/ 16 February 2006

More savings taxcuts to come

The government has chopped tax on retirement funds by half, to 9%, saying it is prepared to make further cuts to stimulate savings. However, it wants the 9% to be used as a carrot in wider discussions about reforming the life industry.

Minister of Finance Trevor Manuel told journalists at Parliament that the national Treasury would release a document proposing significant changes to retirement funding provisions. “I believe in using the carrot of further tax relief to drive discussions [with the life industry],” Manuel said.

According to Old Mutual, the government has taken R48-billion out of retirement funds by taxing income generated in individual funds.
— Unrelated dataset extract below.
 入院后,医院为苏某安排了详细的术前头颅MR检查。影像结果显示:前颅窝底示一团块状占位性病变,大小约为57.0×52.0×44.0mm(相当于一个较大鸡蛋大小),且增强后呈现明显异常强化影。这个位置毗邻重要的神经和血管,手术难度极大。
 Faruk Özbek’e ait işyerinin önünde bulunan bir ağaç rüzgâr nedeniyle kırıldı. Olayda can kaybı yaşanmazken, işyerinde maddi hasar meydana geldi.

The life industry, which has been lobbying the government to reduce the tax, will welcome the cut. This will hopefully inject a further R2,4-billion back into the pockets of retirement fund members. Manuel was at pains to send a message that this relief must be passed directly to individuals.

Rob Rusconi, the actuary who blew the whistle on pension-fund costs, said the move is welcome as the tax was introduced as a temporary measure in 1996. “Reducing the tax by half has sent a strong signal from the government as to what direction it is moving in,” he said.
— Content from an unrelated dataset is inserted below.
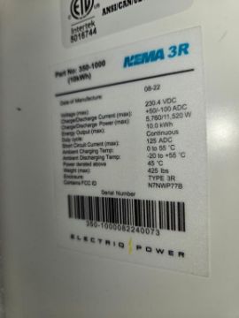 Lot Includes (9) Nema 3R Enclosure Cabinets, PN 350-1010, 10kWh, Universal, Outdoor. HIT# 2544938. Bldg. 3 Front Back Wall. Asset Located at 2366 Alvarado St, San Leandro, CA 94577.

Over the years debates have raged about how the 18% tax could be used to fund old-age grants and to redistribute assets from the rich to the poor.

But, Rusconi said, by drastically reducing the tax, the government has indicated that rather than use retirement funds as a redistribution vehicle it wants to encourage people to save by offering tax relief. “Using savings funds to redistribute wealth can only work in a society where savings are mandatory,” said Rusconi.

In South Africa, where retirement savings are voluntary, redistribution could work as a disincentive to save. Rusconi said the tax reduction will go some way to remedy the damage to the savings psyche of the nation after the retirement funds debacle last year.

Rusconi said the government is facing a serious fiscal problem as more and more people become dependent on social grants when they retire.

The minister confirmed that a policy paper, which will suggest an overhaul of the entire pension fund industry, will be released shortly.

In the Budget Review the government reiterated its commitment to reviewing the pension fund industry to help “re-establish consumer confidence in the sector and support the goal of South Africans making adequate provision for retirement”.

According to the Budget Review, the thrust of the reforms is to ensure that retirement savings are not depleted by excessive charges and penalties.

But, Rusconi said, it would make sense for the government to focus on how to create retirement savings for the informal sector. In South Africa, 70% of formally employed people belong to pension-fund schemes, which is on par with developed economies, however, it is the informal market that is currently left out in the cold and which will become dependent on grants. It is likely that a national savings fund aimed at low or part-time income earners will be created.

According to I-Net Bridge, the minister hinted at further cuts in the tax rate, and announced that the Treasury would soon release a document proposing “very significant changes to retirement fund provisions. These proposals must be discussed with the Life Offices’ Association, retirement fund trustees and other stakeholders.”